### [EXERCISE PROMPT]
Each entry must be returned exactly. None may be omitted.

### [DATASET RECORDS]

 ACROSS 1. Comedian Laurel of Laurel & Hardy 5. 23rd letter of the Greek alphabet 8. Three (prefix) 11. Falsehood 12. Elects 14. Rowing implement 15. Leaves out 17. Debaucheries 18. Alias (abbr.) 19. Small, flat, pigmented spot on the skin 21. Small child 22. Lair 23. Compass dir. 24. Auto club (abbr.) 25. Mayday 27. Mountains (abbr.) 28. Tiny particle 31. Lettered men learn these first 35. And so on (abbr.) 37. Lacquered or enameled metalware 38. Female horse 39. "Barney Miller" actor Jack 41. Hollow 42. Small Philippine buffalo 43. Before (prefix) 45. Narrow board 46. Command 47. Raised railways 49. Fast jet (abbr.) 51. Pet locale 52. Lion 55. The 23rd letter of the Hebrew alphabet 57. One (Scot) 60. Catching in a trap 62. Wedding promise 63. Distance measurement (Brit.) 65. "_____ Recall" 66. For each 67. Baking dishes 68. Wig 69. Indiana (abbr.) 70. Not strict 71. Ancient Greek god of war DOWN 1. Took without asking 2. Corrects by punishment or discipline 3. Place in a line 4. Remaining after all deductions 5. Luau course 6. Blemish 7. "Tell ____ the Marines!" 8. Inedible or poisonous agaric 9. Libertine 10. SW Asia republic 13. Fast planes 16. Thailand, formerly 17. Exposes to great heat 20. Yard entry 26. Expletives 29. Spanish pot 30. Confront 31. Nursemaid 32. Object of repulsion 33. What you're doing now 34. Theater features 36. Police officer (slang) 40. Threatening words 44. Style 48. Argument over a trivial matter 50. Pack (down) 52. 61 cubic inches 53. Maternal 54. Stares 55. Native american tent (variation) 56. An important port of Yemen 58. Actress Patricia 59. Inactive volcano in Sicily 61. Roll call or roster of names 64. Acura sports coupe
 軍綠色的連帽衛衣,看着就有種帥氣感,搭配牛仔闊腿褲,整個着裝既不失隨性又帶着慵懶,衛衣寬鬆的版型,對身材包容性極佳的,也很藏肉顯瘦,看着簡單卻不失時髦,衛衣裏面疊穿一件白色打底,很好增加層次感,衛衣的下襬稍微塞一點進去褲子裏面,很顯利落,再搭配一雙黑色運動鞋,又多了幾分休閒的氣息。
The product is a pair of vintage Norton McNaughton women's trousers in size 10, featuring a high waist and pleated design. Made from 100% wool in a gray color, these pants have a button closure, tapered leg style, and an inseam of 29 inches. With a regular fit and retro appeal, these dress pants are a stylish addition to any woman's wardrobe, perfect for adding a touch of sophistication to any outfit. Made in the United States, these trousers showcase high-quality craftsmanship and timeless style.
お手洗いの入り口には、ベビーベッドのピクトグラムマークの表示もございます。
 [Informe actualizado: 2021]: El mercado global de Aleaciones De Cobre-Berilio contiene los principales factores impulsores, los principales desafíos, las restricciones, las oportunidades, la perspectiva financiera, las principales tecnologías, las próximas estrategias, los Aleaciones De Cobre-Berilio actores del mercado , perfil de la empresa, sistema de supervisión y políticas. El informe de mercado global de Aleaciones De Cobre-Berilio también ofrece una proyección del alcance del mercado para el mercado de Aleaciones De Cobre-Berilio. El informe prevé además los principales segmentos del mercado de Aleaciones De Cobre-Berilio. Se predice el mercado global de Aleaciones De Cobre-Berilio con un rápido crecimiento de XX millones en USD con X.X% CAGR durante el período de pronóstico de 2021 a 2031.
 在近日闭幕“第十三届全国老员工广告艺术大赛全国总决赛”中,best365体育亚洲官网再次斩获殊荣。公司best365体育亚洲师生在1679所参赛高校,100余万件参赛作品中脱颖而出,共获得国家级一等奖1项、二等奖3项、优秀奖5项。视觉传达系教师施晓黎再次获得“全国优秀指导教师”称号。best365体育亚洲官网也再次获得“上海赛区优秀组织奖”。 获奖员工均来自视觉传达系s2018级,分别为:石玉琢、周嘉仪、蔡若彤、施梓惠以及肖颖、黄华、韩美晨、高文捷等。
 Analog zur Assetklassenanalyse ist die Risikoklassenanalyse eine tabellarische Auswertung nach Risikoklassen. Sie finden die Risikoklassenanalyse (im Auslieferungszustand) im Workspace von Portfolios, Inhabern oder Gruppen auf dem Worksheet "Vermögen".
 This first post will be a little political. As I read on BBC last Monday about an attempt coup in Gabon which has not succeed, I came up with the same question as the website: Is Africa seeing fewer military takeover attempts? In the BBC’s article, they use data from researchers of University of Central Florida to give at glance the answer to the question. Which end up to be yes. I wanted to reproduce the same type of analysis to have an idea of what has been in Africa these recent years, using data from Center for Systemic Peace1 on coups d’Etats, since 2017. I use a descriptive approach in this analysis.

### [YOUR RESPONSE]
 ACROSS 1. Comedian Laurel of Laurel & Hardy 5. 23rd letter of the Greek alphabet 8. Three (prefix) 11. Falsehood 12. Elects 14. Rowing implement 15. Leaves out 17. Debaucheries 18. Alias (abbr.) 19. Small, flat, pigmented spot on the skin 21. Small child 22. Lair 23. Compass dir. 24. Auto club (abbr.) 25. Mayday 27. Mountains (abbr.) 28. Tiny particle 31. Lettered men learn these first 35. And so on (abbr.) 37. Lacquered or enameled metalware 38. Female horse 39. "Barney Miller" actor Jack 41. Hollow 42. Small Philippine buffalo 43. Before (prefix) 45. Narrow board 46. Command 47. Raised railways 49. Fast jet (abbr.) 51. Pet locale 52. Lion 55. The 23rd letter of the Hebrew alphabet 57. One (Scot) 60. Catching in a trap 62. Wedding promise 63. Distance measurement (Brit.) 65. "_____ Recall" 66. For each 67. Baking dishes 68. Wig 69. Indiana (abbr.) 70. Not strict 71. Ancient Greek god of war DOWN 1. Took without asking 2. Corrects by punishment or discipline 3. Place in a line 4. Remaining after all deductions 5. Luau course 6. Blemish 7. "Tell ____ the Marines!" 8. Inedible or poisonous agaric 9. Libertine 10. SW Asia republic 13. Fast planes 16. Thailand, formerly 17. Exposes to great heat 20. Yard entry 26. Expletives 29. Spanish pot 30. Confront 31. Nursemaid 32. Object of repulsion 33. What you're doing now 34. Theater features 36. Police officer (slang) 40. Threatening words 44. Style 48. Argument over a trivial matter 50. Pack (down) 52. 61 cubic inches 53. Maternal 54. Stares 55. Native american tent (variation) 56. An important port of Yemen 58. Actress Patricia 59. Inactive volcano in Sicily 61. Roll call or roster of names 64. Acura sports coupe
 軍綠色的連帽衛衣,看着就有種帥氣感,搭配牛仔闊腿褲,整個着裝既不失隨性又帶着慵懶,衛衣寬鬆的版型,對身材包容性極佳的,也很藏肉顯瘦,看着簡單卻不失時髦,衛衣裏面疊穿一件白色打底,很好增加層次感,衛衣的下襬稍微塞一點進去褲子裏面,很顯利落,再搭配一雙黑色運動鞋,又多了幾分休閒的氣息。
The product is a pair of vintage Norton McNaughton women's trousers in size 10, featuring a high waist and pleated design. Made from 100% wool in a gray color, these pants have a button closure, tapered leg style, and an inseam of 29 inches. With a regular fit and retro appeal, these dress pants are a stylish addition to any woman's wardrobe, perfect for adding a touch of sophistication to any outfit. Made in the United States, these trousers showcase high-quality craftsmanship and timeless style.
お手洗いの入り口には、ベビーベッドのピクトグラムマークの表示もございます。
 [Informe actualizado: 2021]: El mercado global de Aleaciones De Cobre-Berilio contiene los principales factores impulsores, los principales desafíos, las restricciones, las oportunidades, la perspectiva financiera, las principales tecnologías, las próximas estrategias, los Aleaciones De Cobre-Berilio actores del mercado , perfil de la empresa, sistema de supervisión y políticas. El informe de mercado global de Aleaciones De Cobre-Berilio también ofrece una proyección del alcance del mercado para el mercado de Aleaciones De Cobre-Berilio. El informe prevé además los principales segmentos del mercado de Aleaciones De Cobre-Berilio. Se predice el mercado global de Aleaciones De Cobre-Berilio con un rápido crecimiento de XX millones en USD con X.X% CAGR durante el período de pronóstico de 2021 a 2031.
 在近日闭幕“第十三届全国老员工广告艺术大赛全国总决赛”中,best365体育亚洲官网再次斩获殊荣。公司best365体育亚洲师生在1679所参赛高校,100余万件参赛作品中脱颖而出,共获得国家级一等奖1项、二等奖3项、优秀奖5项。视觉传达系教师施晓黎再次获得“全国优秀指导教师”称号。best365体育亚洲官网也再次获得“上海赛区优秀组织奖”。 获奖员工均来自视觉传达系s2018级,分别为:石玉琢、周嘉仪、蔡若彤、施梓惠以及肖颖、黄华、韩美晨、高文捷等。
 Analog zur Assetklassenanalyse ist die Risikoklassenanalyse eine tabellarische Auswertung nach Risikoklassen. Sie finden die Risikoklassenanalyse (im Auslieferungszustand) im Workspace von Portfolios, Inhabern oder Gruppen auf dem Worksheet "Vermögen".
 This first post will be a little political. As I read on BBC last Monday about an attempt coup in Gabon which has not succeed, I came up with the same question as the website: Is Africa seeing fewer military takeover attempts? In the BBC’s article, they use data from researchers of University of Central Florida to give at glance the answer to the question. Which end up to be yes. I wanted to reproduce the same type of analysis to have an idea of what has been in Africa these recent years, using data from Center for Systemic Peace1 on coups d’Etats, since 2017. I use a descriptive approach in this analysis.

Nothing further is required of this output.